Она снова бежит, облака поддаются под ногами, она поет. И опять: «И уже почти хорошо». Скорее бы это кончилось. И вот наконец кончается. Люка сходит с плато, и вдруг ей снова становится дурно. Она бежит к себе в уборную и, не добежав, останавливается в коридоре, нагибается над грудой старых декораций. К ней подходит ангел-хранитель, берет ее нежно за лоб, поддерживает ее. Ласковый голос говорит: «Это ничего, это бывает. От усталости, от жары». Ангел вытирает ей лоб широким рукавом, снимает с ее головы парик. «Сейчас легче станет.
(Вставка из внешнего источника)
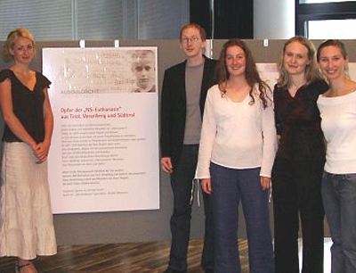 "Ausgelöscht. Opfer der NS-Euthanasie aus Tirol, Vorarlberg und Südtirol" war ursprünglich als der Beitrag des Instituts für Geschichte zu den Aktionstagen der "Jungen Uni 2004" gedacht. Daher richtet sich die Ausstellung vor allem an die 9 bis 14-jährigen SchülerInnen. Von Studierenden wurde versucht, das vielschichtige und sensible Thema der "NS-Euthanasie" verantwortungsvoll aufzubereiten und verständlich zu präsentieren. Eine eigene Webseite (www.zeitschatten.info) wurde mit dem Ziel erstellt, dass die Informationen von SchülerInnen gelesen und verstanden werden können. Auf dieser Webseite finden sich die Dokumentation zur Entstehung des Projektes, die Lebensgeschichten, Informationen zum historischen Hintergrund und ein Wörterbuch zu NS-Begriffen sowie ein Pressespiegel.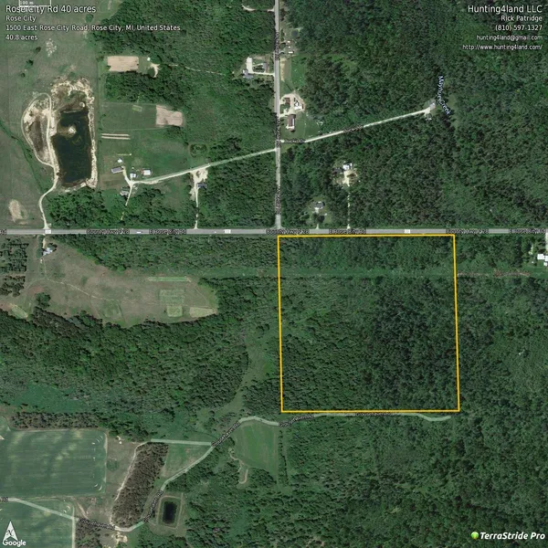 This 40 acres is on a paved road, between Rose City and Lupton. Only a mile east to Rifle River Recreation Area. It does have a hard surface driveway just off the road that gives you a place to park.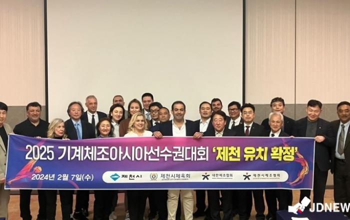 ▲ 2025년 기계체조아시아선수권대회 유치에 성공제천시가 아시아 기계체조인들의 최고 축제인 2025년 기계체조아시아선수권대회 유치에 성공했다.7일 일본 도쿄프린스호텔에서 진행된 2024 아시아체조연맹(AGU) 집행위원회에서 2025년 개최지 선정 심의결과 대한민국 제천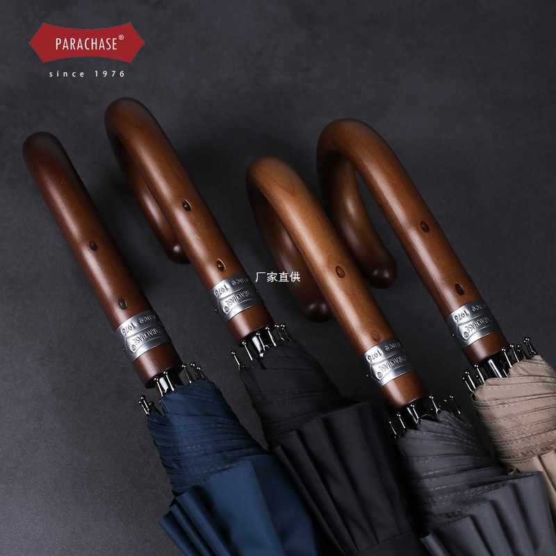 12骨レトロストレート傘女性自動長柄傘補強抗風男性傘英倫ビジネス傘実木長傘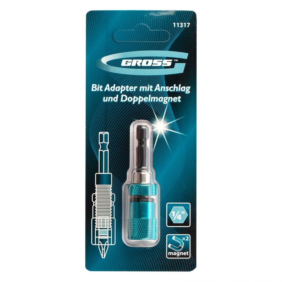 Адаптер для бит с ограничителем и двойным магнитом Gross 11317, 1/4 дюйма, обеспечивает уверенную фиксацию сменных насадок при работе с шуруповертами. Вставляется в патрон шуруповерта и позволяет быстро менять биты. Настраиваемый ограничитель глубины вкручивания предотвращает чрезмерное заглубление крепежа в гипсокартон и другие мягкие материалы и защищает их от повреждения.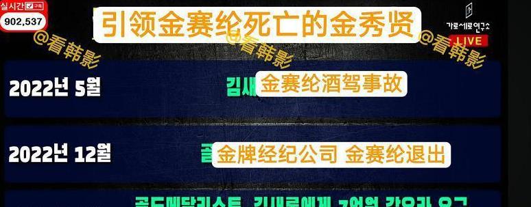 最近,韩国著名狗仔透露,金赛纶的自杀与金秀贤有一定关联。3月10日下午,韩国一位著名狗仔在直播中,联系了金赛纶的亲属。根据直播的信息,金赛纶在15岁时就开始和金秀贤谈恋爱,那会儿她才上初二,金秀贤比她大了整整12岁呢。他们相恋了整整6年,直到2021年分手。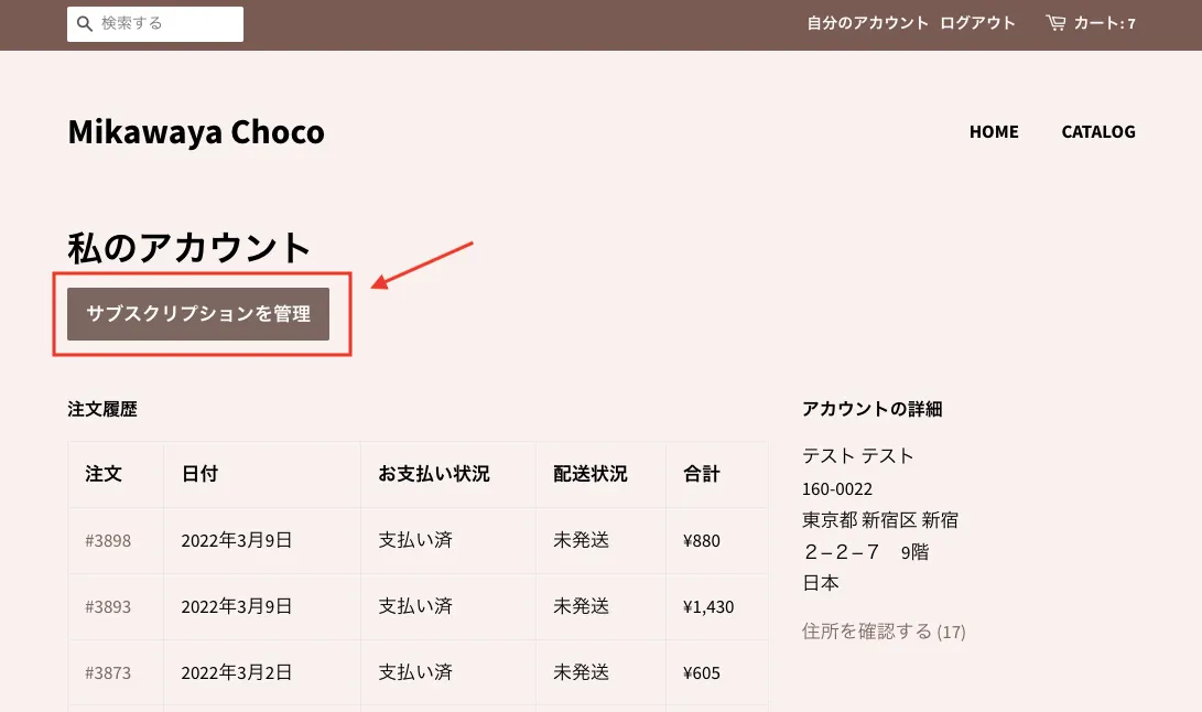 5、通常購入の注文履歴ページが表示されるので、その中にある「サブスクリプションを管理」のボタンをクリックします。

Вот, уже прошло». Люка хлопает длинными приклеенными ресницами и шумно вздыхает.
— Прошло? — участливо говорит ангел. — Это бывает. Это ничего, — и вдруг вопрос: — Вы замужем?
Неожиданно для себя Люка отвечает:
— Нет.
— Все-таки сходите к доктору.
— Да, пойду, спасибо, ангел, никому не рассказывайте.
Люка храбро идет к себе, держа парик в руке, подметая его длинными волосами пол. Хорошо, что Тьери не видел. Какой стыд. Этот ангел — простая статистка. Она, наверно, будет хвастаться, что держала Люку за голову, что Люку тошнило, что Люка назвала ее ангелом-хранителем. Но до Тьери это вряд ли дойдет, а до остальных ей нет дела.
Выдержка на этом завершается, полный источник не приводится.